Abu-El-Haija Maisam, Kumar Soma, Quiros Jose Antonio, Balakrishnan Keshawadhana, Barth Bradley, Bitton Samuel, Eisses John F, Foglio Elsie Jazmin, Fox Victor, Francis Denease, Freeman Alvin Jay, Gonska Tanja, Grover Amit S, Husain Sohail Z, Kumar Rakesh, Lapsia Sameer, Lin Tom, Liu Quin Y, Maqbool Asim, Sellers Zachary M, Szabo Flora, Uc Aliye, Werlin Steven L, Morinville Veronique D
Division of Gastroenterology Hepatology and Nutrition, Cincinnati Children's Hospital Medical Center, Cincinnati, OH.
Division of Pediatric Gastroenterology, Medical University of South Carolina Children's Hospital, Charleston, SC.
J Pediatr Gastroenterol Nutr. 2018 Jan;66(1):159-176. doi: 10.1097/MPG.0000000000001715.
Although the incidence of acute pancreatitis (AP) in children is increasing, management recommendations rely on adult published guidelines. Pediatric-specific recommendations are needed.

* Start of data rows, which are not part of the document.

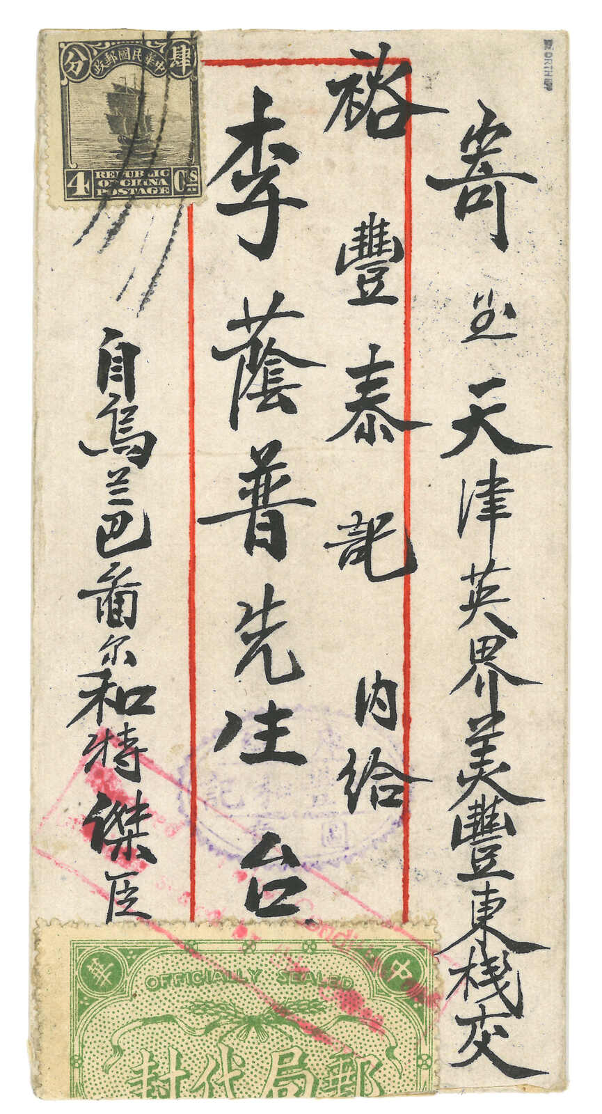 1926.6.9 烏蘭巴托寄天津。中式封,背貼印花稅票紫色加蓋“POSTAGE”5分 + 20分,銷烏蘭巴托日戳。貼中華郵政破損重封標籤。6.24抵天津。極少見貼用代封之蒙古進口封,可能為孤品。(Image 1) (Image 2)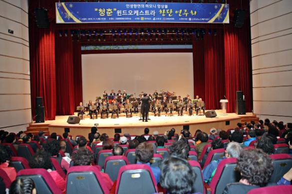 고흥군(군수 송귀근)은 어르신들로 구성된「청춘 윈드오케스트라」창단 연주회가 11월 7일 오후 7시 종합문화회관에서 지역주민 400여명이 객석을 가득 채운 가운데 성황리에 열렸다고 밝혔다.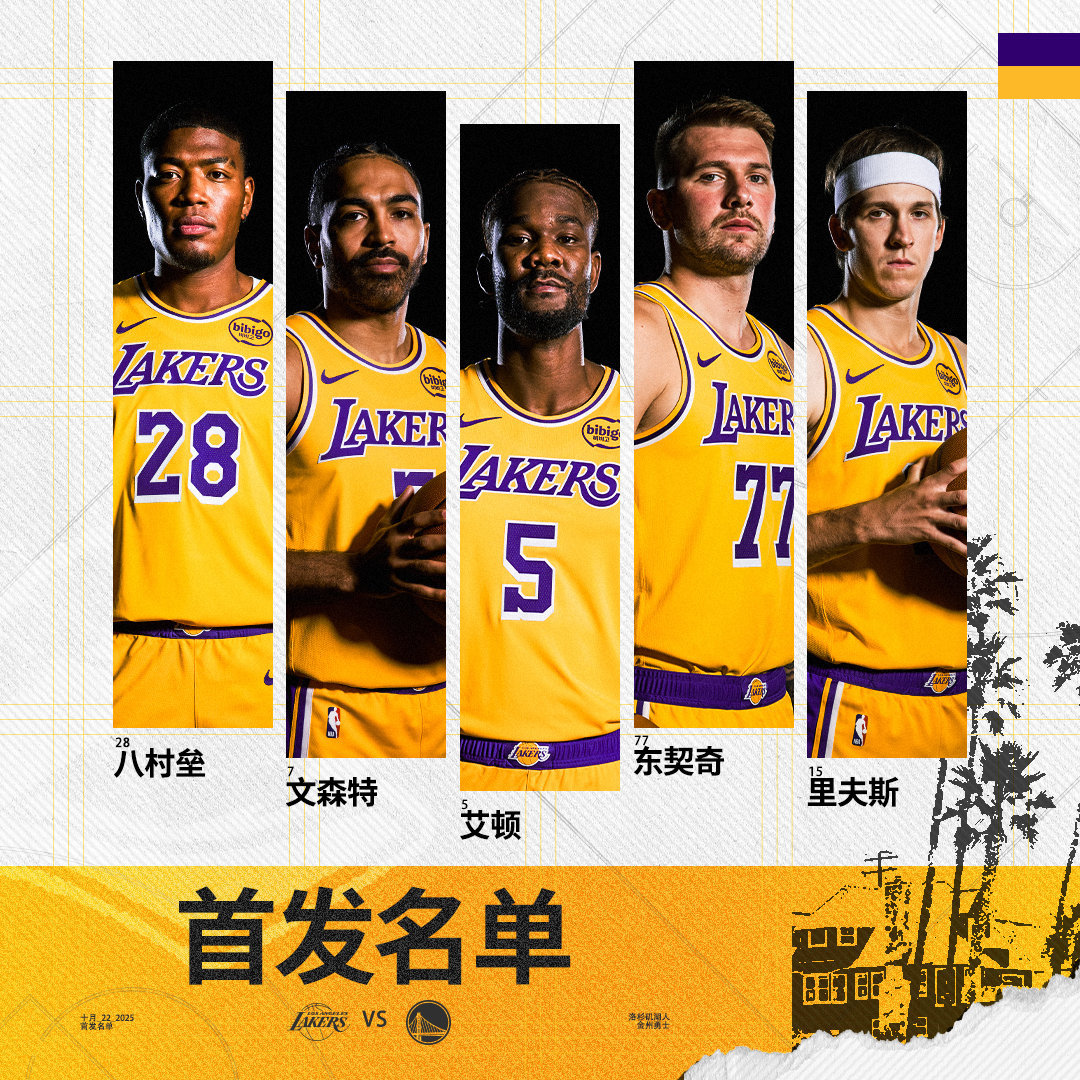 【#詹姆斯职业生涯首次缺席揭幕战#】今日NBA常规赛揭幕战,勇士将客场挑战湖人!湖人本场的首发阵容:东契奇+文森特+里夫斯+八村塁+艾顿。詹姆斯因右侧坐骨神经痛将至少休战3-4周,职业生涯23年来首次无缘揭幕战。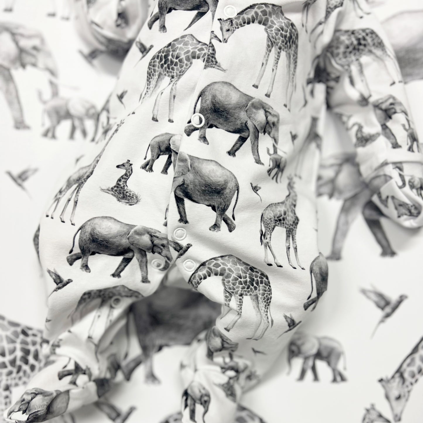 Our new and gorgeous Safari print sleep suit is the perfect one-piece for any baby.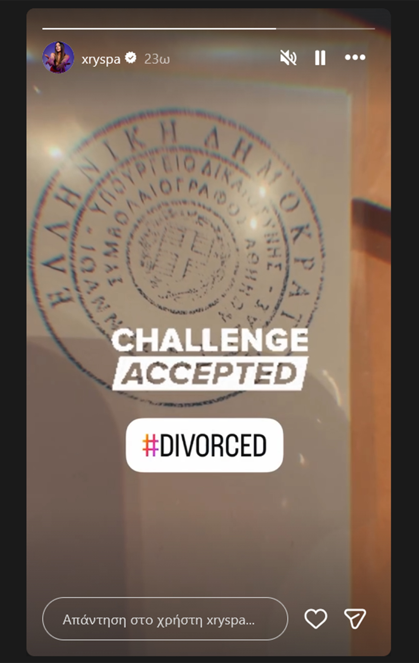 Η Χρύσπα κοινοποίησε στον προσωπικό της λογαριασμό στο Instagram ένα story με τη σφραγίδα του συμβολαιογράφου, συνοδευόμενο από τη λεζάντα: «Αποδέχομαι την πρόκληση. Χωρισμένη».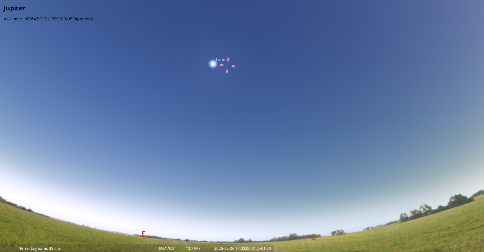 La nuit du 26 au 27 mars, pour notre localisation, Jupiter culmine à 19h42, la Lune à 19h59 ;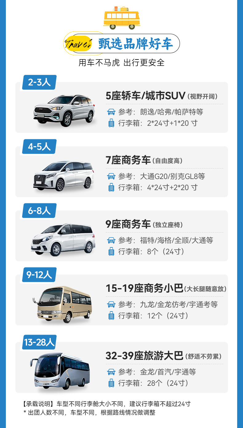 注:8人内司机兼向导(含8人),8人以上安排1名资深领队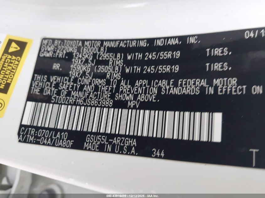 2018 TOYOTA HIGHLANDER 2018 року Бензин, 3.5, Полный привод, vin - 5TDDZRFH6JS863988 из США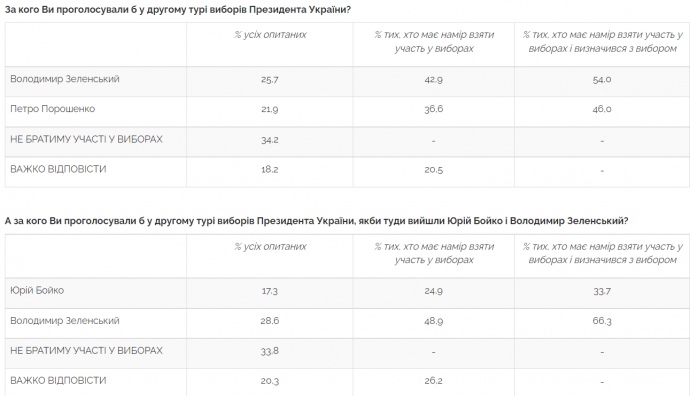 Дословно: "В. Зеленский в случае электорального соперничества во втором туре с П. Порошенко получил бы 26% голосов всех опрошенных или 54% голосов тех, кто примет участие в выборах и определился, за кого будет голосовать, П. Порошенко соответственно 22% и 46%".
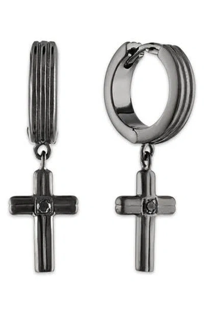 Black Diamond Cross Drop Huggie Hoop Earrings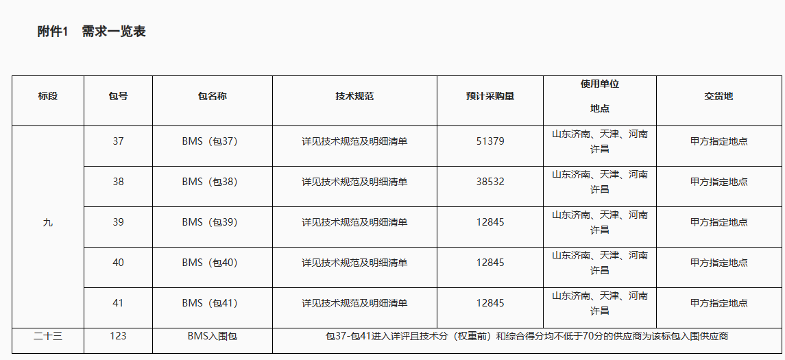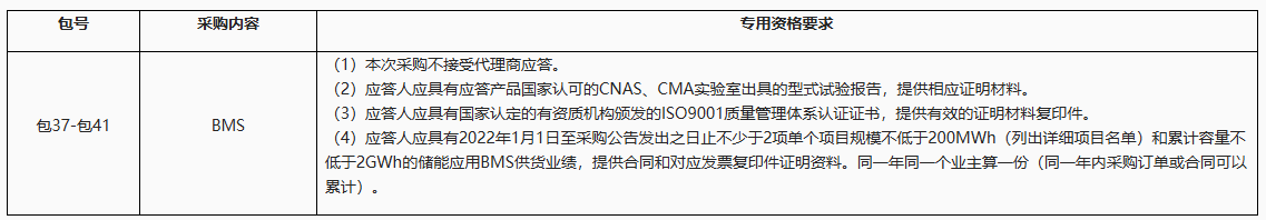 包37-包41:12.8446万套BMS,要求应答人应具有2022年1月1日至采购公告发出之日止不少于2项单个项目规模不低于200MWh(列出详细项目名单)和累计容量不低于2GWh的储能应用BMS供货业绩;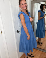 KENNEDY - FLUTTER SLEEVE MIDI DRESS - BLUE - BLU PEPPER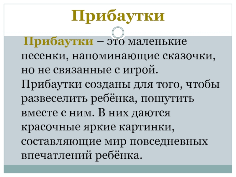 Прибаутки – это маленькие песенки, напоминающие сказочки, но не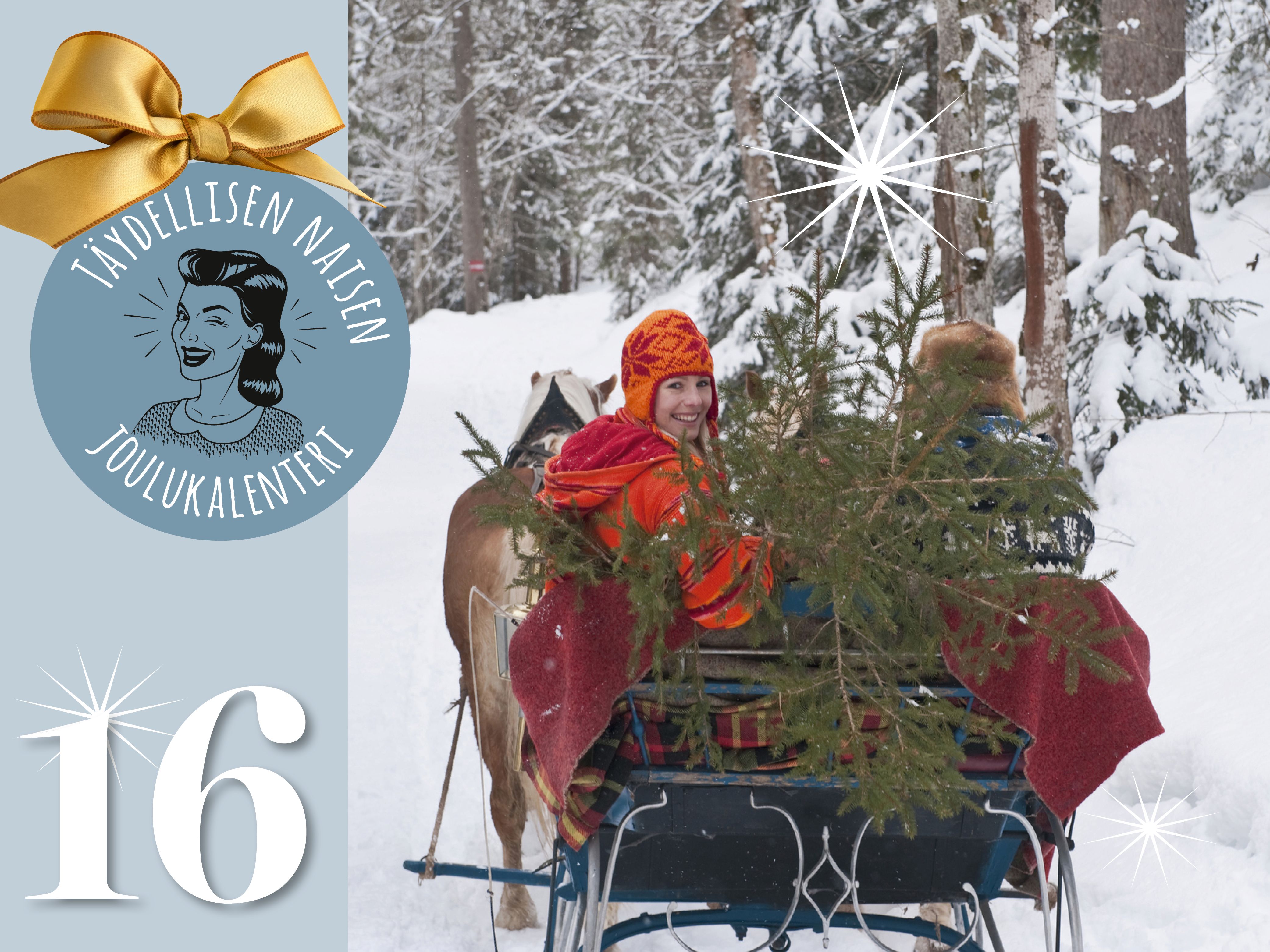 Lapset olivat niin täpinöissään, että heräsivät jo kuudelta avaamaan kalenterin luukun. Sisältä löytyi kauan odotetun kuusenhakupäivän kunniaksi hopeoitu havunoksa. Voi sitä riemua ja halausten määrää, melkein hukun tähän rakkauteen! Vuokrasimme hevosen ja reen ja haimme metsästä olohuoneemme mittoihin täydellisesti sopivan kuusen, jonka olimme istuttaneet 12 vuotta sitten tätä päivää varten. Samalla otimme kätevästi kuvat ensi joulun joulukortteihin.

The North American Society for Pediatric Gastroenterology, Hepatology and Nutrition Pancreas committee performed a MEDLINE review using several preselected key terms relating to management considerations in adult and pediatric AP. The literature was summarized, quality of evidence reviewed, and statements of recommendations developed. The authorship met to discuss the evidence, statements, and voted on recommendations. A consensus of at least 75% was required to approve a recommendation.
The diagnosis of pediatric AP should follow the published INternational Study Group of Pediatric Pancreatitis: In Search for a CuRE definitions (by meeting at least 2 out of 3 criteria: (1) abdominal pain compatible with AP, (2) serum amylase and/or lipase values ≥3 times upper limits of normal, (3) imaging findings consistent with AP). Adequate fluid resuscitation with crystalloid appears key especially within the first 24 hours. Analgesia may include opioid medications when opioid-sparing measures are inadequate. Pulmonary, cardiovascular, and renal status should be closely monitored particularly within the first 48 hours. Enteral nutrition should be started as early as tolerated, whether through oral, gastric, or jejunal route. Little evidence supports the use of prophylactic antibiotics, antioxidants, probiotics, and protease inhibitors. Esophago-gastro-duodenoscopy, endoscopic retrograde cholangiopancreatography, and endoscopic ultrasonography have limited roles in diagnosis and management. Children should be carefully followed for development of early or late complications and recurrent attacks of AP.
This clinical report represents the first English-language recommendations for the management of pediatric AP. Future aims should include prospective multicenter pediatric studies to further validate these recommendations and optimize care for children with AP.
尽管儿童急性胰腺炎(AP)的发病率在上升,但管理建议仍依赖于成人发布的指南。需要针对儿科的具体建议。
北美儿科胃肠病学、肝病学和营养学会胰腺委员会使用了几个与成人和儿科AP管理考虑相关的预选关键词进行了MEDLINE综述。对文献进行了总结,审查了证据质量,并制定了建议声明。作者们开会讨论了证据、声明,并对建议进行了投票。批准一项建议需要至少75%的共识。
儿科AP的诊断应遵循已发表的国际儿科胰腺炎研究组:寻找病因定义(通过满足以下3项标准中的至少2项:(1)与AP相符的腹痛,(2)血清淀粉酶和/或脂肪酶值≥正常上限的3倍,(3)与AP一致的影像学表现)。特别是在最初24小时内,用晶体液进行充分的液体复苏似乎是关键。当阿片类药物节省措施不足时,镇痛可能包括使用阿片类药物。应密切监测肺部、心血管和肾脏状况,尤其是在最初48小时内。应尽早开始肠内营养,无论通过口服、胃内或空肠途径。几乎没有证据支持使用预防性抗生素、抗氧化剂、益生菌和蛋白酶抑制剂。食管胃十二指肠镜检查、内镜逆行胰胆管造影和内镜超声在诊断和管理中的作用有限。应密切关注儿童AP早期或晚期并发症的发生以及复发情况。
本临床报告代表了首份关于儿科AP管理的英文建议。未来的目标应包括前瞻性多中心儿科研究,以进一步验证这些建议并优化对AP儿童的护理。